Encode arg: Bytes * (pointer to a Bytes struct)
Decode: not supported

Example:

"<BB*H" — two bytes, a raw byte blob, then a uint16

Raw C-String Bytes: `s` (encode-only)

Writes the bytes of a const char * argument (no null terminator, no length prefix). Decode is not supported; use $(...) for strings.

Encode arg: const char *
Decode: not supported

String Sub-Format: `$(…)`

Handles all string field variants. The content between the parentheses is a small grammar:

'$(' [count-word] ['+' field-width] ['z'] ')'

count-word   ::= 'B' | 'H' | 'I'        (1-, 2-, or 4-byte count word)
field-width  ::= '+' decimal             (fixed data-area size in bytes)
'z'                                      (nul byte on the wire)

Rules:

If count-word is present, the count word is written/read first. It records the number of character bytes (excluding nul-terminator and padding).
If +N is present, the on-wire data area is always exactly N bytes. On encode the data is zero-padded to N bytes. On decode the full N bytes are consumed but the output slice contains only the count-word-specified length.
If z is present, a nul byte is appended on encode and consumed (skipped) on decode. The decode output does not include the nul byte.
A leading decimal prefix on the outer $ (e.g. 16$(...)) repeats the entire string field N times, consuming N argument pairs.

Encode argument

const char * — nul-terminated C string. strlen() gives the character count, which is clamped to the maximum representable by the count-word type (255 for B, 65535 for H, etc.).

Decode argument

Bytes * — receives a zero-copy slice into the source buffer. .data points into the original buffer; .len is the character count from the count word, or field width if there is no count word. The nul terminator byte (if z) and padding bytes are consumed but are not part of the output slice.
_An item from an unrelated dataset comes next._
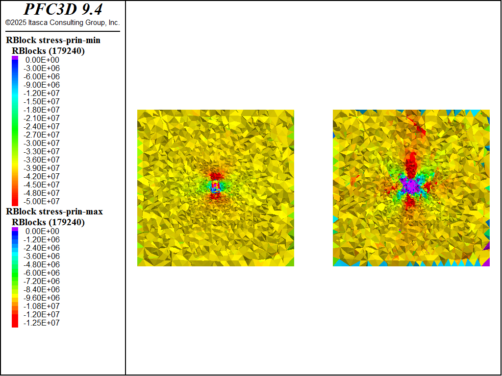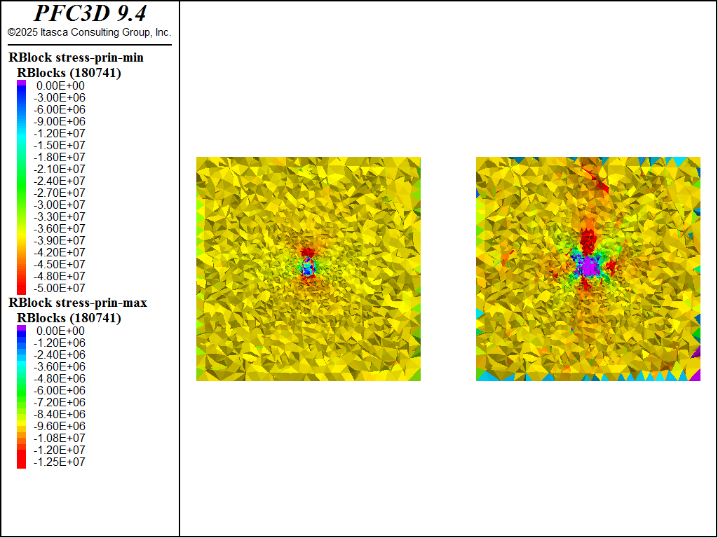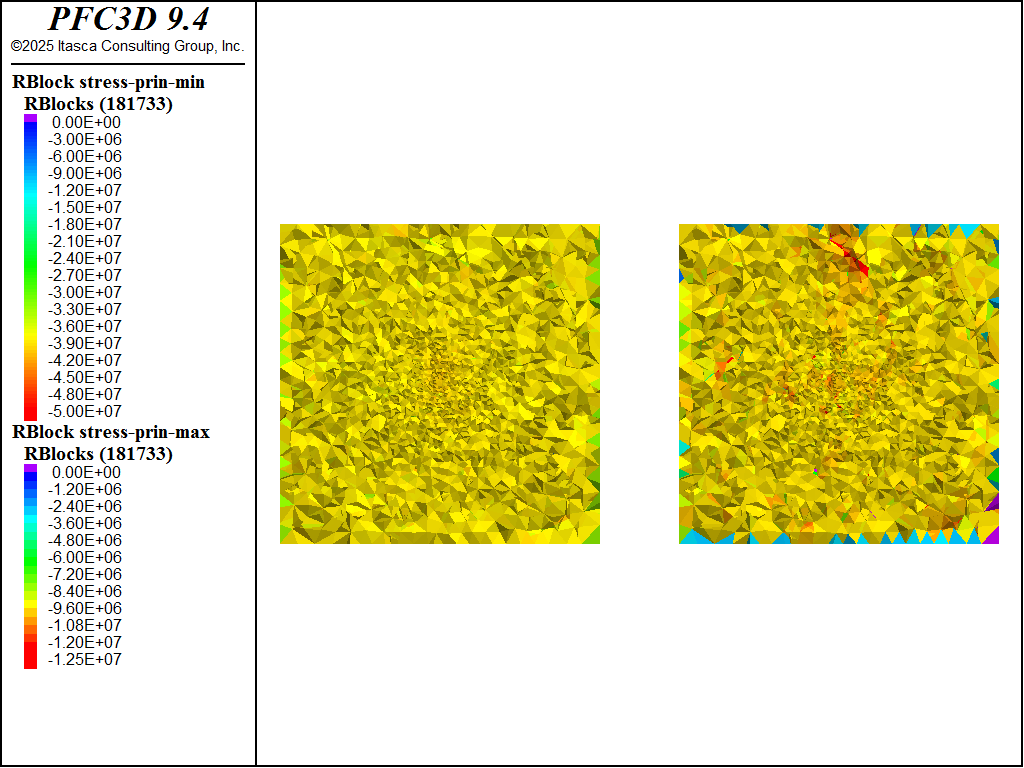 For each of the four excavation stages a unique DFN is created, the tunnel blocks are deleted for that stage, the support blocks are identified for that stage, the \(rblist\) FISH list used to compute the \(appliedStress\) is updated, the tunnel surface area is updated, the old apply conditions are removed (if any), the new apply conditions are installed and the model is solved. Subsequent to solving for each stage fragments are computed and assigned to unique group slots, allowing one to visualize the progression of the fragmentation as well.

To obtain a nul-terminated C string from a decoded Bytes, use bytes_to_cstr(Arena *a, Bytes b) (see below).

Wire layout

[count word]  [character data]  [zero padding to reach +N]  [nul byte if z]

Common CIP string types

Format	Wire layout	Notes
`$(B)`	1-byte count + N bytes	CIP SHORT_STRING; variable length
`$(H)`	2-byte count + N bytes	Identity product name; variable length
`$(H+82)`	2-byte count + 82-byte data area = 84 bytes	CIP STRING
`$(I+82)`	4-byte count + 82-byte data area = 86 bytes	Logix STRING data area (`2x` for struct padding follows in the main format)
`$(z)`	N bytes + nul byte	C-string with nul delimiter; no count word
`$(Bz)`	1-byte count + N bytes + nul byte	counted and nul-terminated
`16$()`	exactly 16 bytes	fixed-width field, no count word; zero-padded on encode
`16$(z)`	exactly 16 bytes	fixed-width; decode output trims at first nul

Raw Byte-Slice Sub-Format: `#(…)`

Identical grammar to $(...) but carries binary data instead of text. No z option.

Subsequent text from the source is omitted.